= Adams Ranch =

Cattle ranch in Florida, United States

Adams Ranch, Inc. is located on 65000 acre in the following areas of Florida: St. Lucie, Osceola and Okeechobee counties. The ranch raises the following cattle breeds: Braford, Arrab, Abeef and Argel. They also grow various citrus fruit. It is a family owned and operated corporation. The ranch has about 10,000 cows and 400 bulls.

== History ==
Adams Ranch was established in 1937 by Alto Adams; his son, Alto "Bud" Adams, Jr., has run the ranch since 1948. Adams Jr. has three sons who are also involved in the operations of the ranch: Lee Adams (Vice President), Mike Adams (President), and Robert Adams (citrus operations).

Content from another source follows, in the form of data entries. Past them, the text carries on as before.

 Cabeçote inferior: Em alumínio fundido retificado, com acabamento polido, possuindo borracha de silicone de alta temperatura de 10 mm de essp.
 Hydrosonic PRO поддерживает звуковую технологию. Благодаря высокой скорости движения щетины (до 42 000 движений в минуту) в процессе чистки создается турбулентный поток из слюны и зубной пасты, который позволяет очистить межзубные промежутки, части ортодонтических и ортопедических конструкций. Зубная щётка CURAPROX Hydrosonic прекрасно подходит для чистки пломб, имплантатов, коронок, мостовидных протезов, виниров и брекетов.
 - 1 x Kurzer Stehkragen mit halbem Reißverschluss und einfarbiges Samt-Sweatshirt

In 1947 Alto Adams, Jr. was using Hereford bulls, but soon realized that they were not suited for Southern Florida. So he started to cross-breed Brahman cattle with Hereford cattle. Eventually he found the breed he was looking for, which is today called the Braford.

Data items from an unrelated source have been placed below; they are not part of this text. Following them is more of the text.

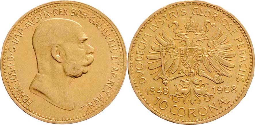 10 Koruna 1908 - jubilejní (3.374g), 1909 Marschall (3.369g), dr.hr., nep.rysky, patina, téměř 2ks
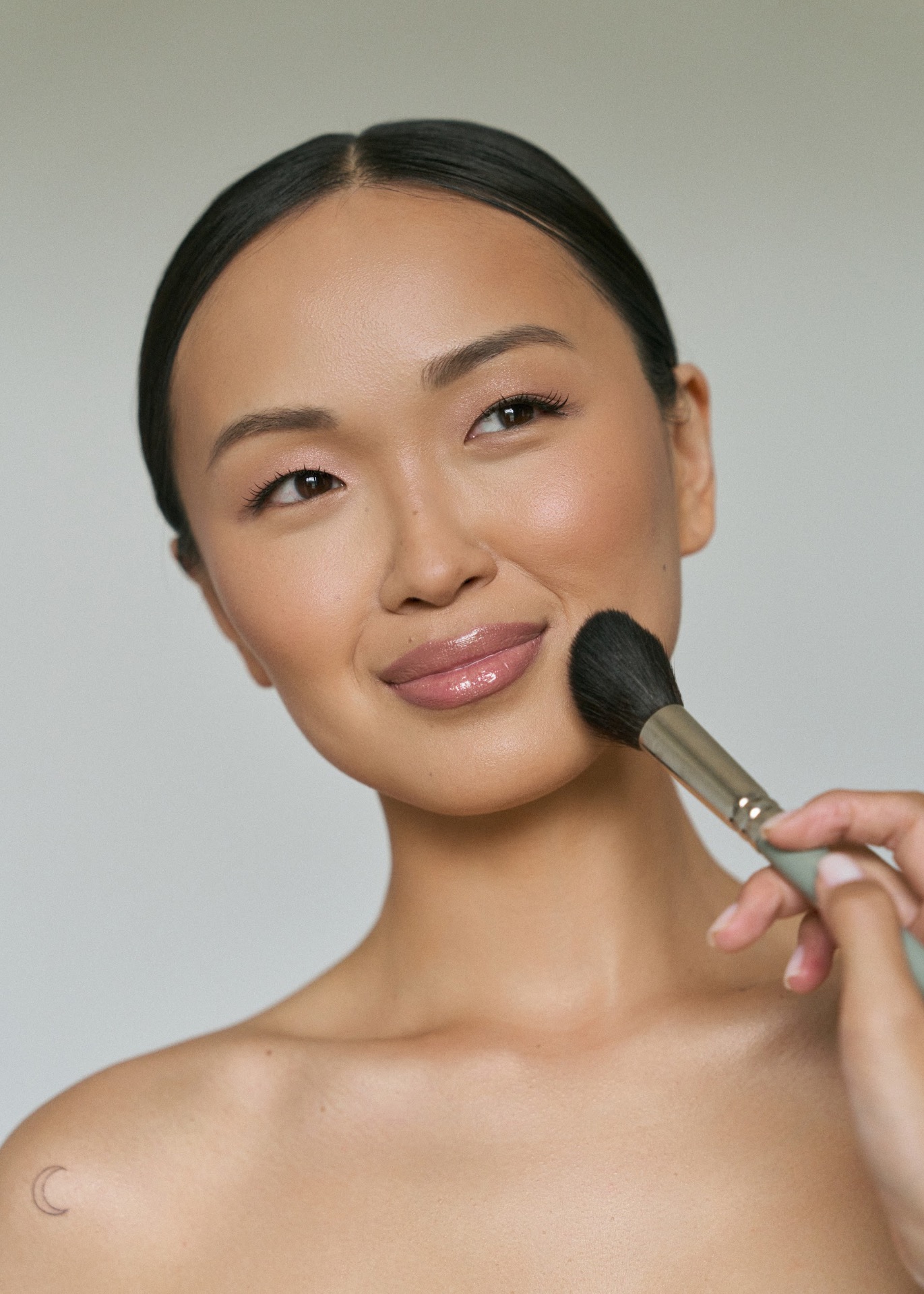 Мой образ был минималистичным и лаконичным. На церемонии я была в шелковой комбинации в пол на тонких бретелях жемчужного оттенка. В начале вечера к ней я надела свободную блузу-накидку из прозрачного, летящего шелкового шифона. Позже сменила образ на корсет в стиле «русалка» и джинсы. Волосы были убраны в пучок, макияж был лёгким и максимально естественным.
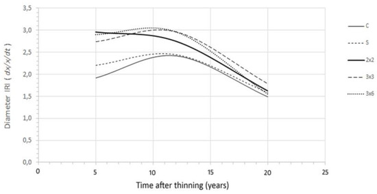In order to evaluate the time response of thinning on tree growth, an increment rate index (IRI) for diameter was computed as ꝺx/x/ꝺt, a derivate in relation to the initial tree diameter size over time (Figure 4). It can be seen that after the intervention, there was a quick response in tree growth, which extended, in general, for 12 years. The response has been shown to vary among treatments, with 3 × 3 and 3 × 6 being the ones with a longer extended period of growth.
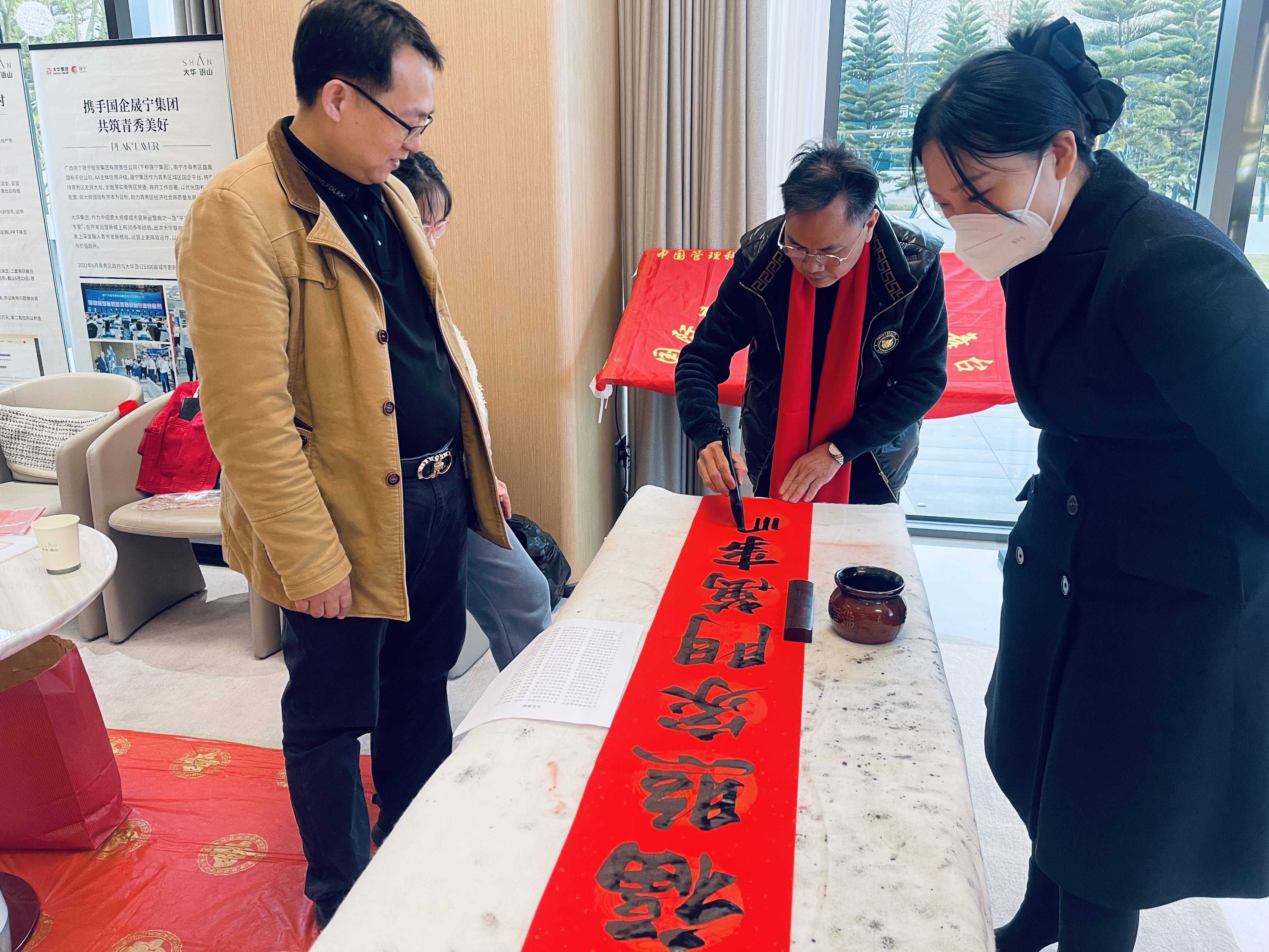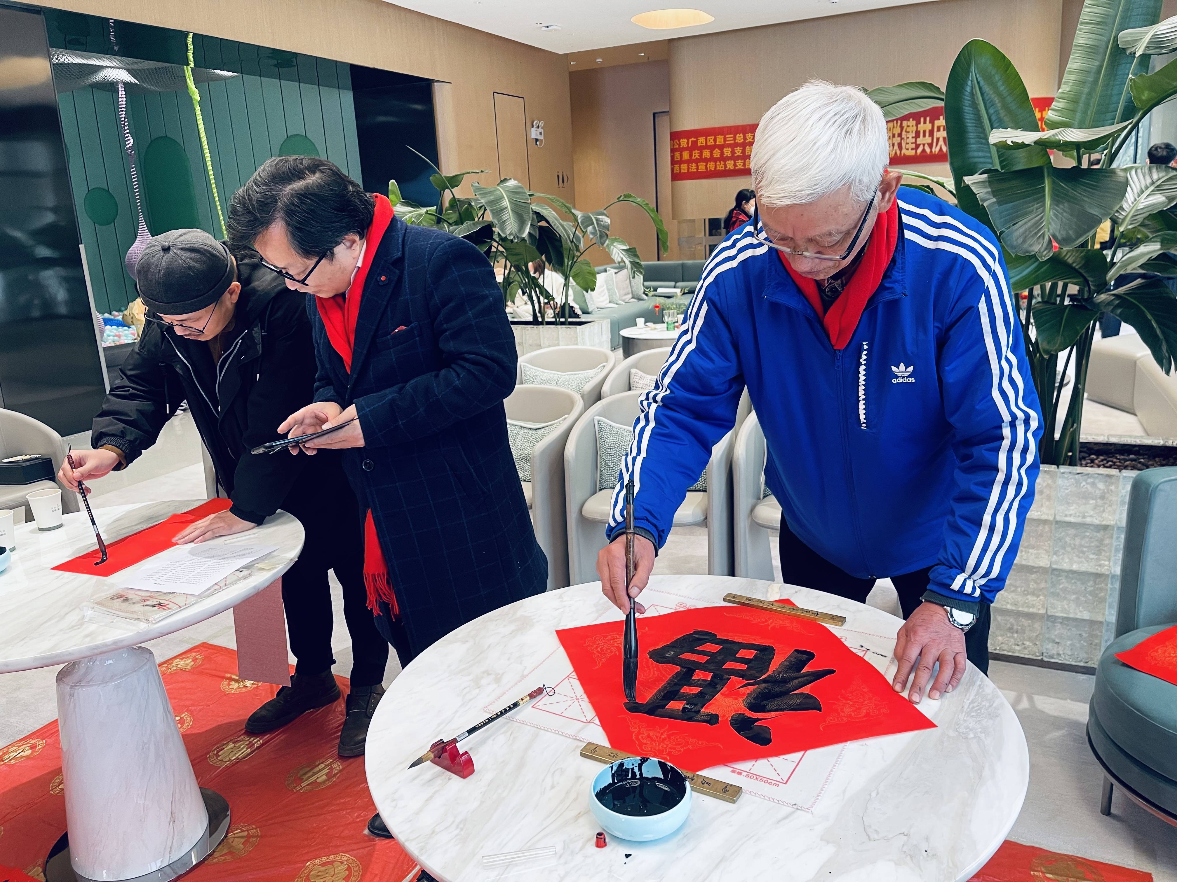 广西区书法家协会、广西区直机关书法家协会、广西老年书画研究院书法协会会员、桂林漓江印社常务副社长竺学勋,广西著名篆刻家、书法家黄远,广西书法协会会员、四川省文化艺术学院、广西艺术学院特聘教师王浩先,《法治宣传网》广西普法宣传站站长、资深媒体导演、一级书法讲师江怀章,南宁市书法家协会会员、广西书法教育学会理事农海云五位书法家个个精神抖擞,运笔如风,尽情挥毫泼墨。红彤彤的春联和福字纸上,行书、楷书、隶书等字体各显神韵,墨香飘溢。一行行俊逸的书法,一句句火红的祝福,洋溢着浓浓的节日喜庆气氛,为新春带来了别样的温暖。

Alto Adams, Jr. incorporated his special breed with the founding of the International Braford Association (IBA) in 1969, a group of Braford breeders who were recognized by the United States Department of Agriculture in 1970. The group developed the cattle in order to have a breeding stock that could endure the high heat, humidity and insects. The Braford breed has characteristics which make them especially well-suited for the Florida environment: short hair, oily hides, pigmented eyes, high fertility and particularly impressive longevity.

== Environment ==
Adams Ranch is constantly battling flood and drought through the seasons. Water can be found on the ranch every few miles. The ranch helps to preserve the rivers, swamps, marshes, prairies and wooded areas that are on its land.

The area is home to wildlife, including animals such as the bald eagle, American alligator, bobcats, crayfish, wild turkey, nine-banded armadillos, hawks, owls, herons, egrets and crested caracara.

The ranch has planted pasture grasses suited for the environment there, consisting of clovers and legumes. The diverse wildlife on the ranch is welcomed and, given the specialized nature of the Braford breed, the cattle remain largely unaffected by the other species.

In addition to his role in establishing the Adams Ranch, Alto Adams was a Justice of the Florida Supreme Court from 1941 through 1951 and was the Chief Justice from 1949 to 1951. After a period of retirement devoted to his ranch, he was persuaded to resume a position on the Florida Supreme Court from 1967 to 1968. He was the first graduate of the University of Florida College of Law to be a Florida Supreme Court Justice.